Would you retype the listing below word for word, without any of its pictures?

:: Data excerpt

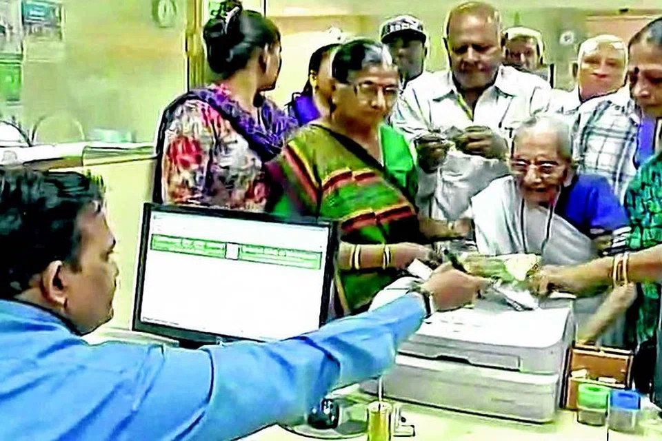 குஜராத் தலைநகர் காந்திநகரில் உள்ள ஒரு வங்கிக்குச் சென்று செல்லாத நோட்டுகளைக் கொடுத்து புதிய நோட்டுகளைப் பெற்றுக்கொண்ட இந்தியப் பிரதமர் மோடியின் தாயார் திருமதி ஹீராபென் (வலமிருந்து 2வது). படம்: இந்திய ஊடகம்
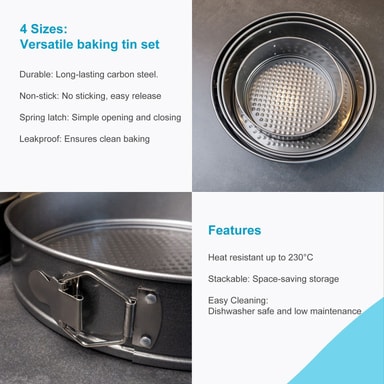 Yksittäisten muottien halkaisijat ovat: 28, 26 , 24, 18 cm. Muotit on helppo puhdistaa käsinpesulla.
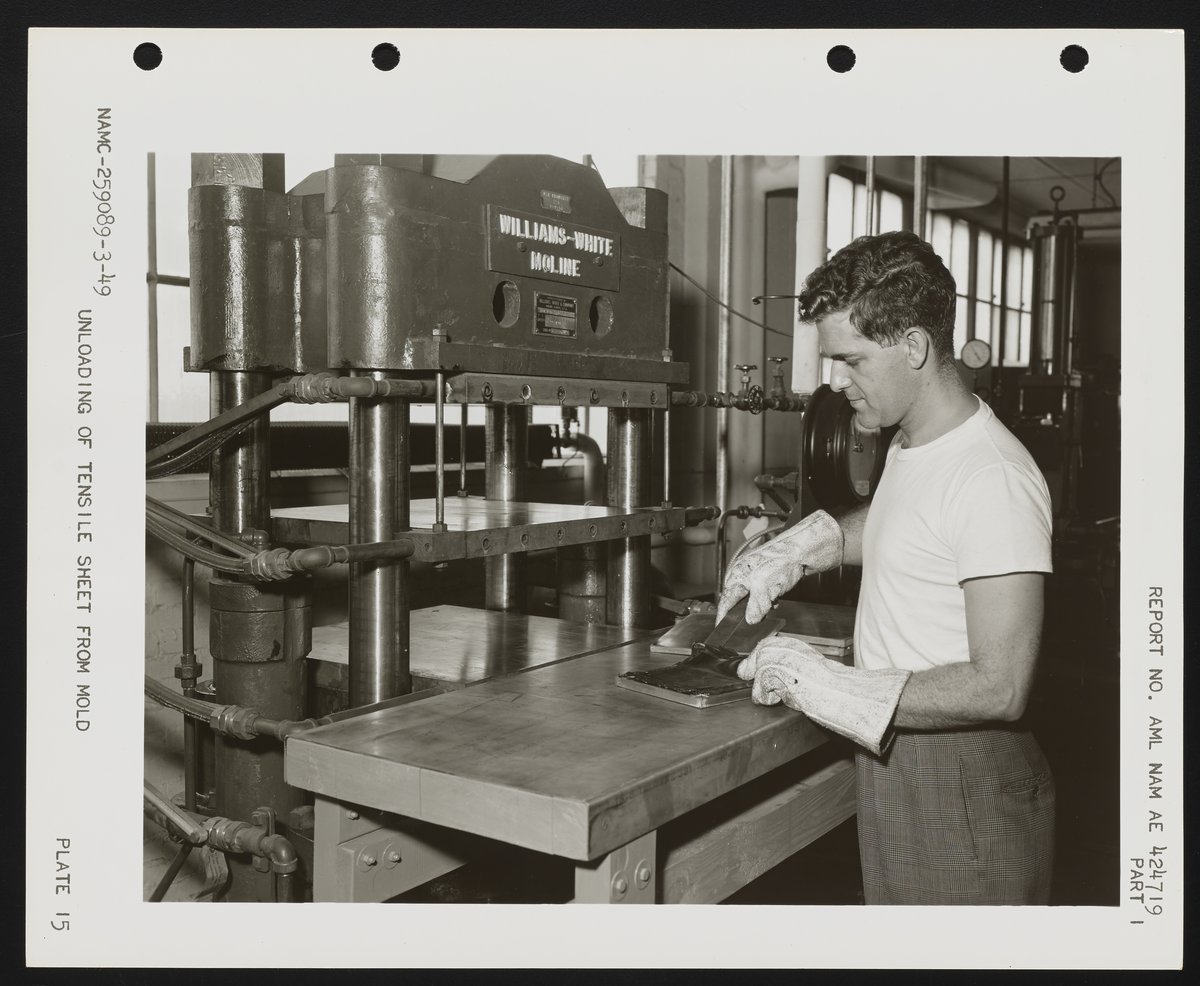 View of a worker removing a tensile sheet from a mold used in the hydraulic press at the Naval Air Experimental Station's Rubber Compounding and Processing Laboratory. The hydraulic press is a 200-ton capacity Williams-White Moline machine equipped with three 24" x 24" cored steam platens and pull-back pistons for rapid pressure release. At the laboratory, the hydraulic press was used to cure, i.e. toughen or harden, molded rubber articles. This photograph was included in a 1949 Naval Air Experimental Station report on compounding rubber.

::::

__Your solution__.
 குஜராத் தலைநகர் காந்திநகரில் உள்ள ஒரு வங்கிக்குச் சென்று செல்லாத நோட்டுகளைக் கொடுத்து புதிய நோட்டுகளைப் பெற்றுக்கொண்ட இந்தியப் பிரதமர் மோடியின் தாயார் திருமதி ஹீராபென் (வலமிருந்து 2வது). படம்: இந்திய ஊடகம்
 Yksittäisten muottien halkaisijat ovat: 28, 26 , 24, 18 cm. Muotit on helppo puhdistaa käsinpesulla.
 View of a worker removing a tensile sheet from a mold used in the hydraulic press at the Naval Air Experimental Station's Rubber Compounding and Processing Laboratory. The hydraulic press is a 200-ton capacity Williams-White Moline machine equipped with three 24" x 24" cored steam platens and pull-back pistons for rapid pressure release. At the laboratory, the hydraulic press was used to cure, i.e. toughen or harden, molded rubber articles. This photograph was included in a 1949 Naval Air Experimental Station report on compounding rubber.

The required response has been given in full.